Segment Open

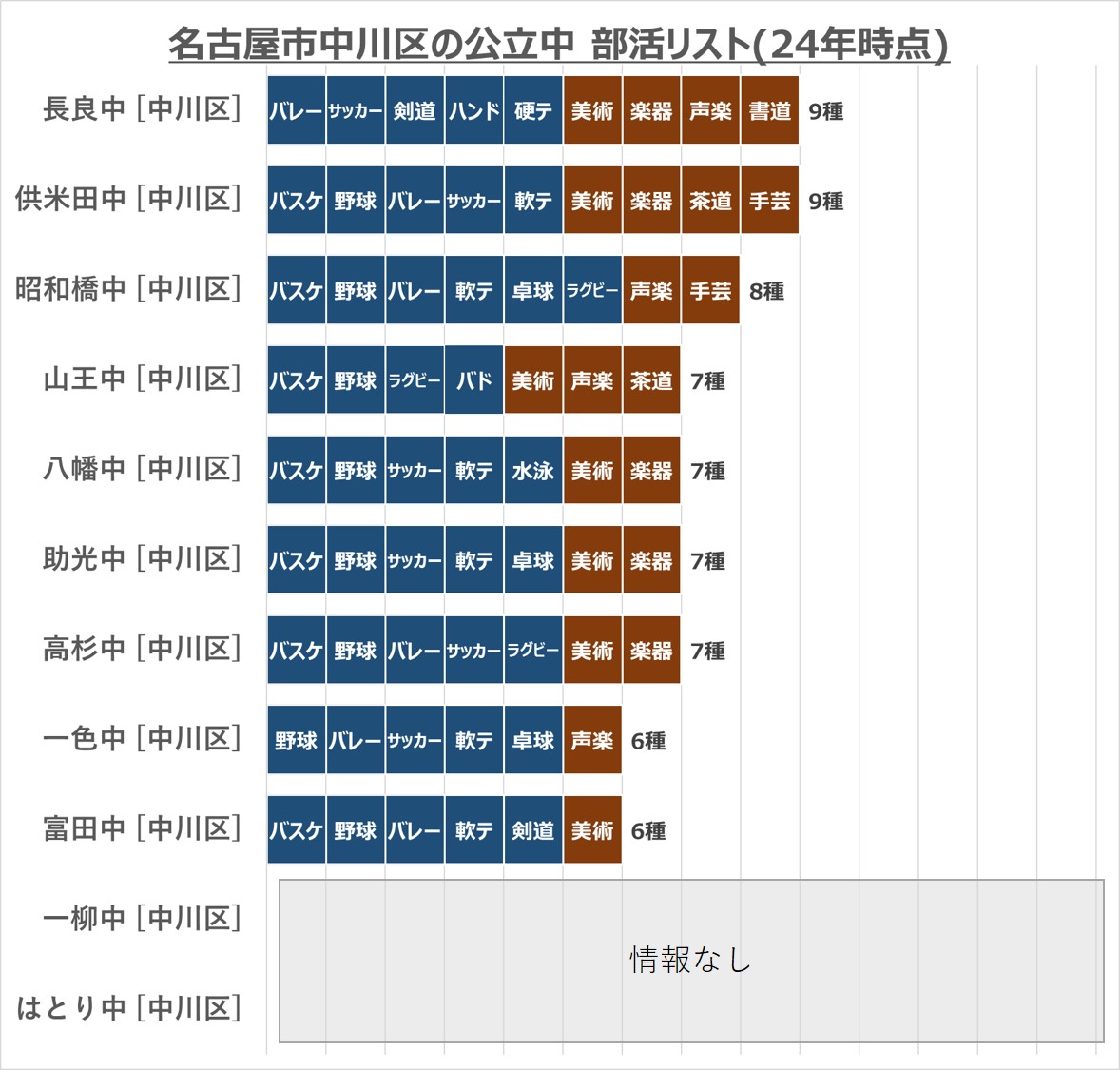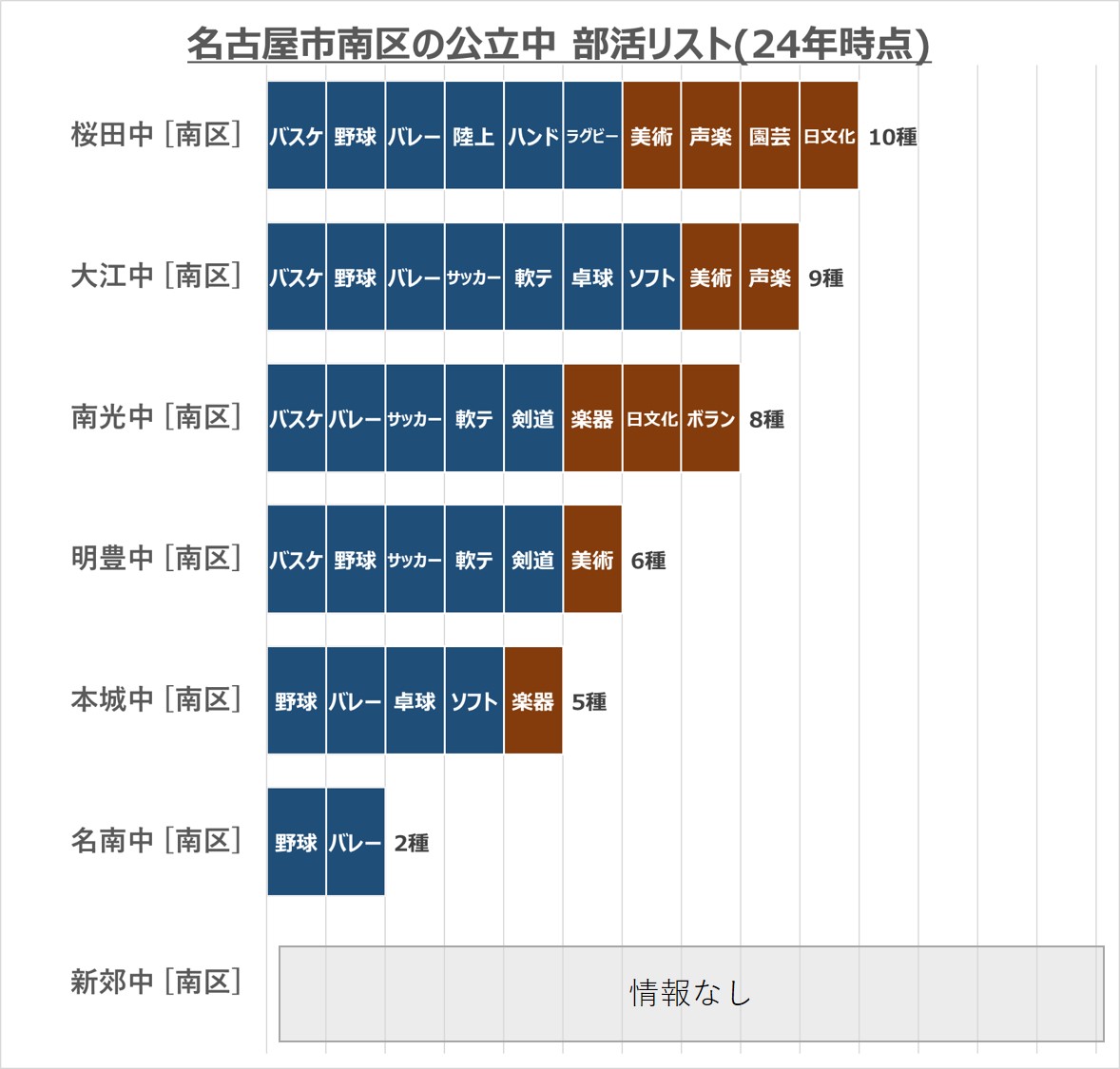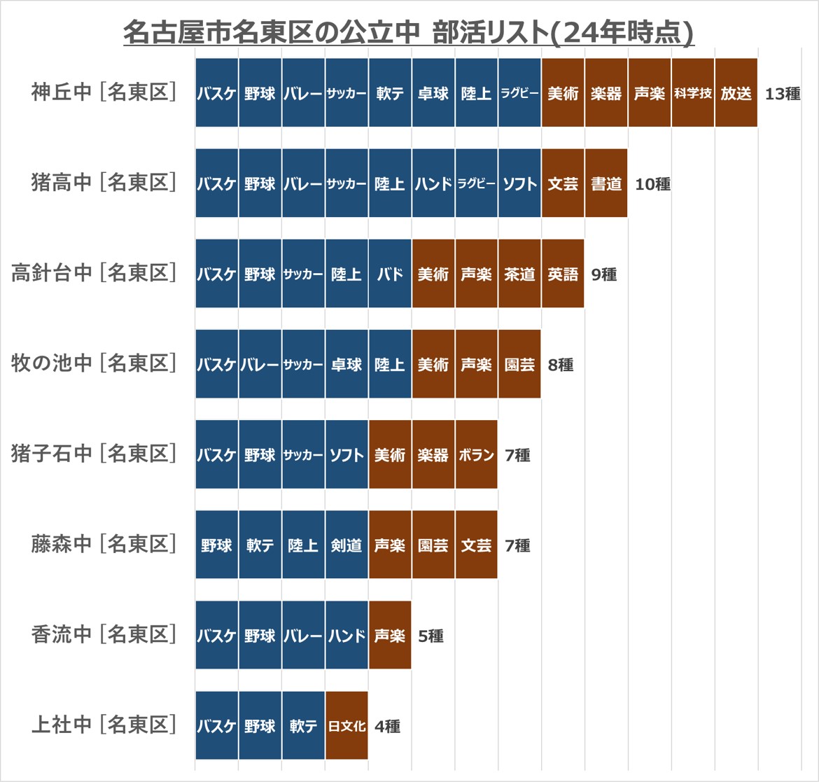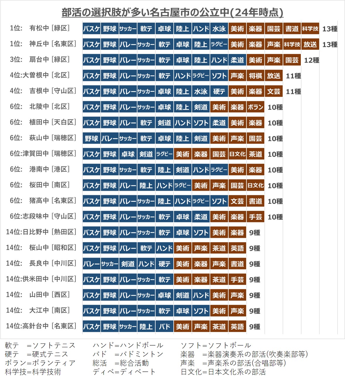 名古屋市の公立中で部活の選択肢が多いのはどこか?(24年データ)
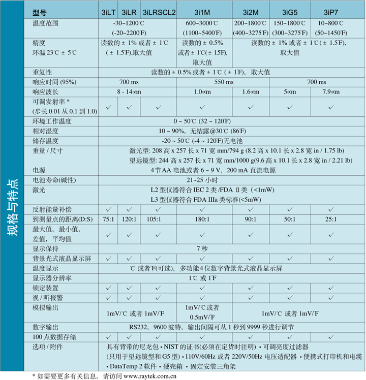 雷泰Raynger 3i 系列有多種溫度范圍、瞄準(zhǔn)方式、光學(xué)分辨率可選,并提供光譜響應(yīng)以滿
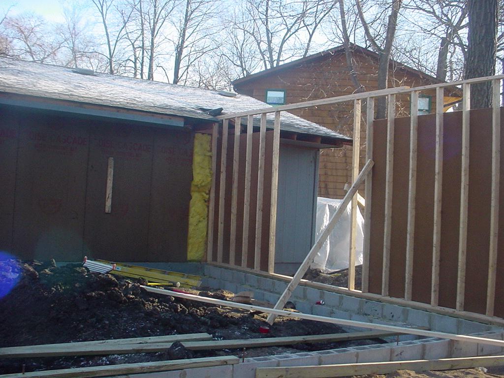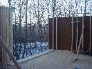 They have started to put up the walls. As you can see, Rob's workshop will not be quite as wide as the garage. This
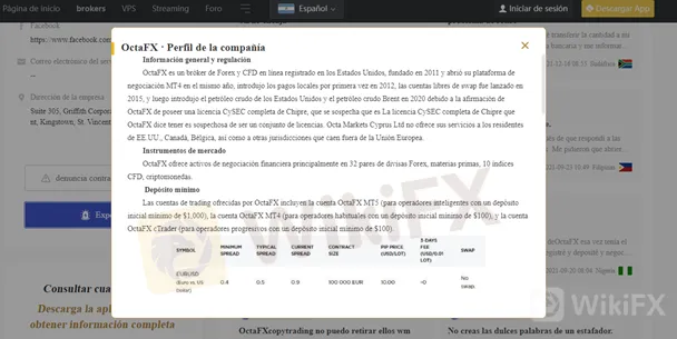 De acuerdo con las evaluaciones de más de 40 factores realizados por el equipo de control de riesgo de Wikifx, las evaluaciones cuantitativas del nivel del nivel regulador de los brokers, así como las evaluaciones de la autenticidad y el valor de la licencia del bróker llevado a cabo por el equipo legal, OctaFx carece de la aprobación que los índices de licencia, de riesgo y regulador, ya que no cumplen con todos los parámetros y requerimientos realizados por el equipo de Wikifx.
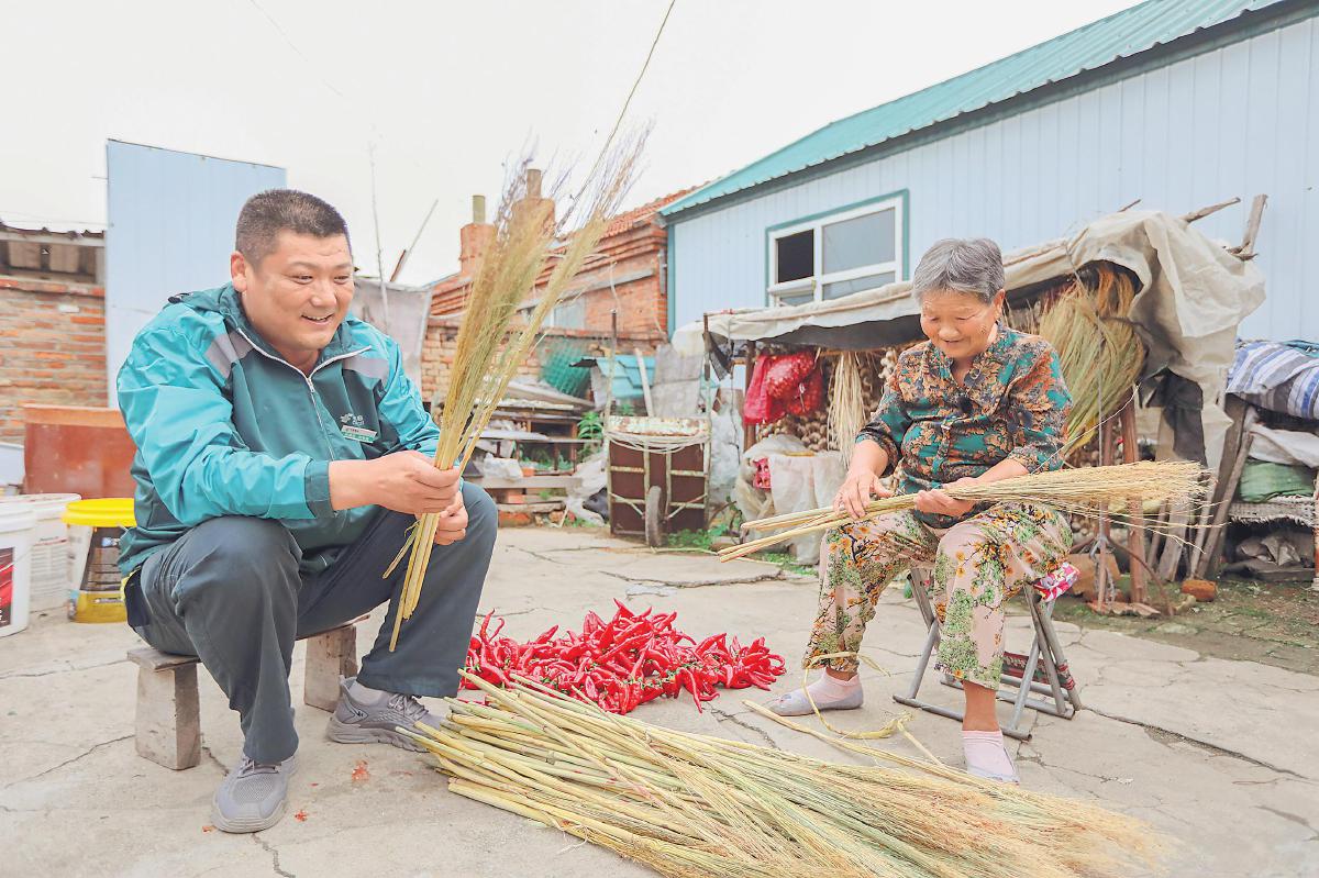 刘春光帮留守老人干活。
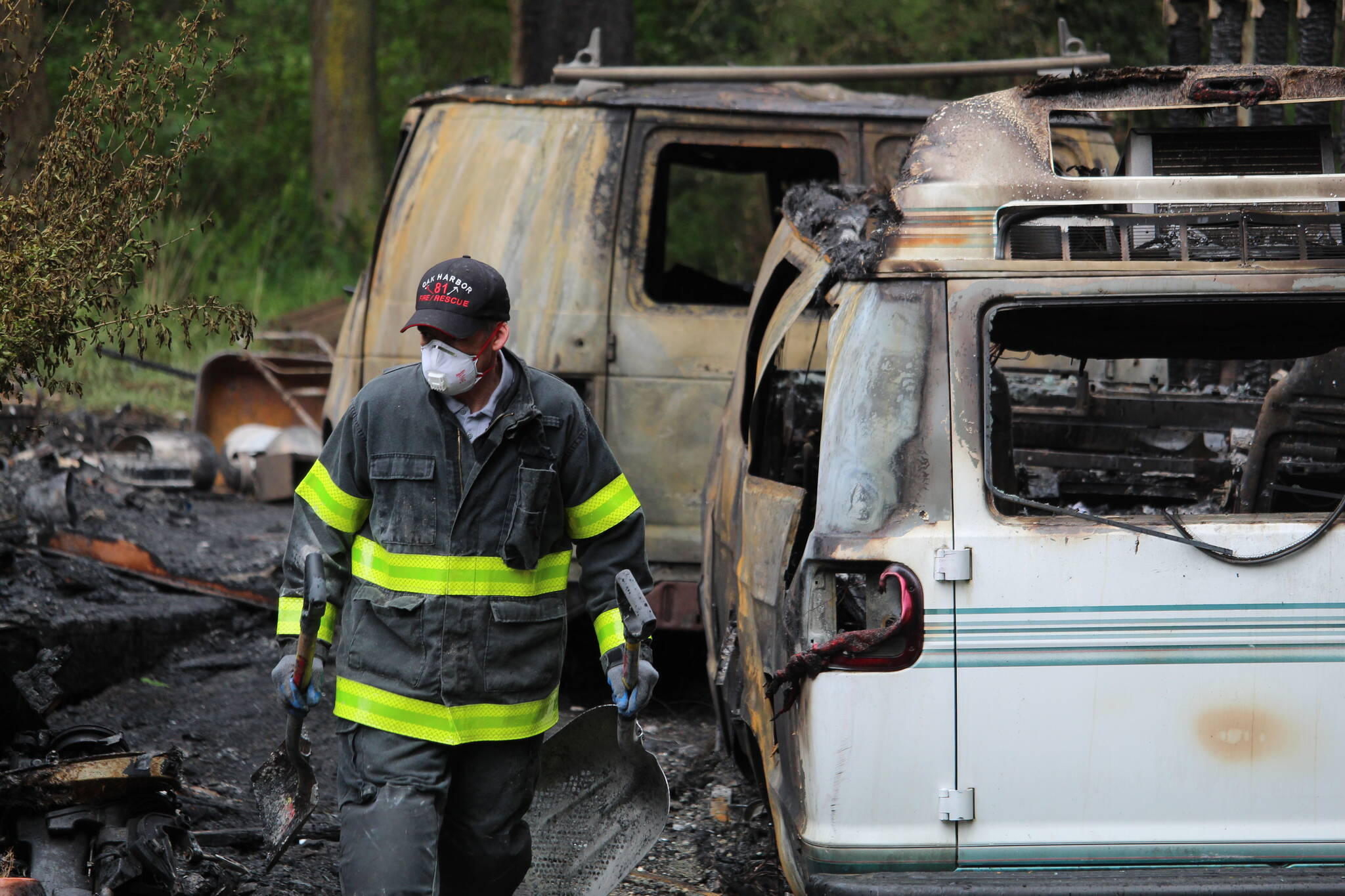 Both of the firefighters hurt were with North Whidbey Fire and Rescue. One was injured when he fell into a hole about four feet deep on the property’s lawn, which North Whidbey Fire Chief John Clark said was overgrown and difficult to navigate.
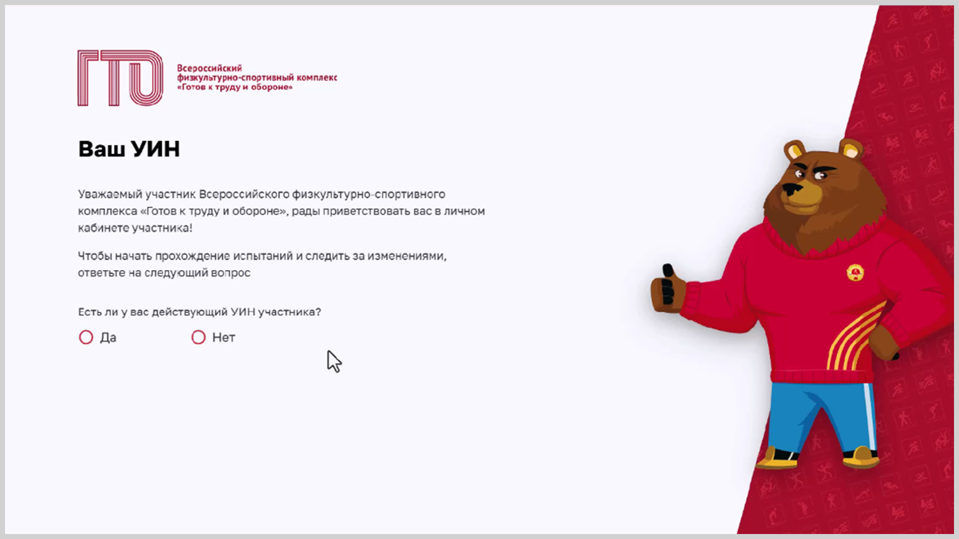 После выдачи разрешений откроется сайт ГТО, где будет задан вопрос: «Есть ли у вас действующий УИН (уникальный идентификационный номер) участника?»
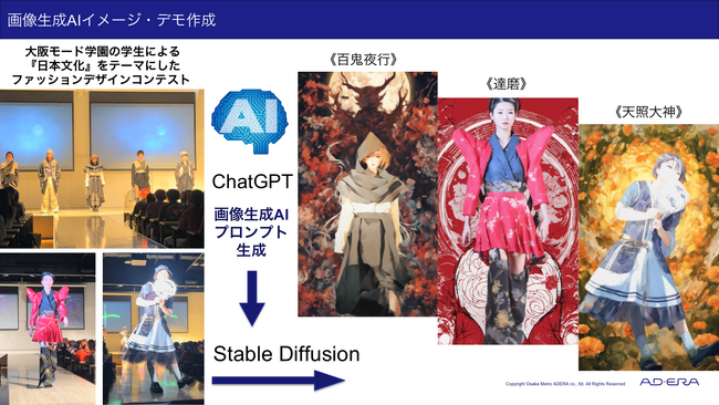 大阪モード学園は、9月8日にファッションデザイン学科 高度専門士コース、ファッションデザイン学科、ファッションテクノロジー学科の学生による『日本文化』をテーマにしたファッションデザインコンテストを開催。このコンテストでは優れたクリエイティブな作品が評価され、大阪メトロアドエラはOsaka Metro ADERA賞を贈呈しました。その作品から縦型のデジタルサイネージ用映像コンテンツを、産学連携でジェネレーティブAIを活用して生成します。

Segment Closed

• [Your objective]: All lines from the start of the entries above through the line containing "They have started" must be transcribed exactly, both ends included, and no picture may be copied.

• [Response for this exercise]:
 名古屋市の公立中で部活の選択肢が多いのはどこか?(24年データ)
 雷泰Raynger 3i 系列有多種溫度范圍、瞄準(zhǔn)方式、光學(xué)分辨率可選,并提供光譜響應(yīng)以滿
 They have started to put up the walls. As you can see, Rob's workshop will not be quite as wide as the garage. This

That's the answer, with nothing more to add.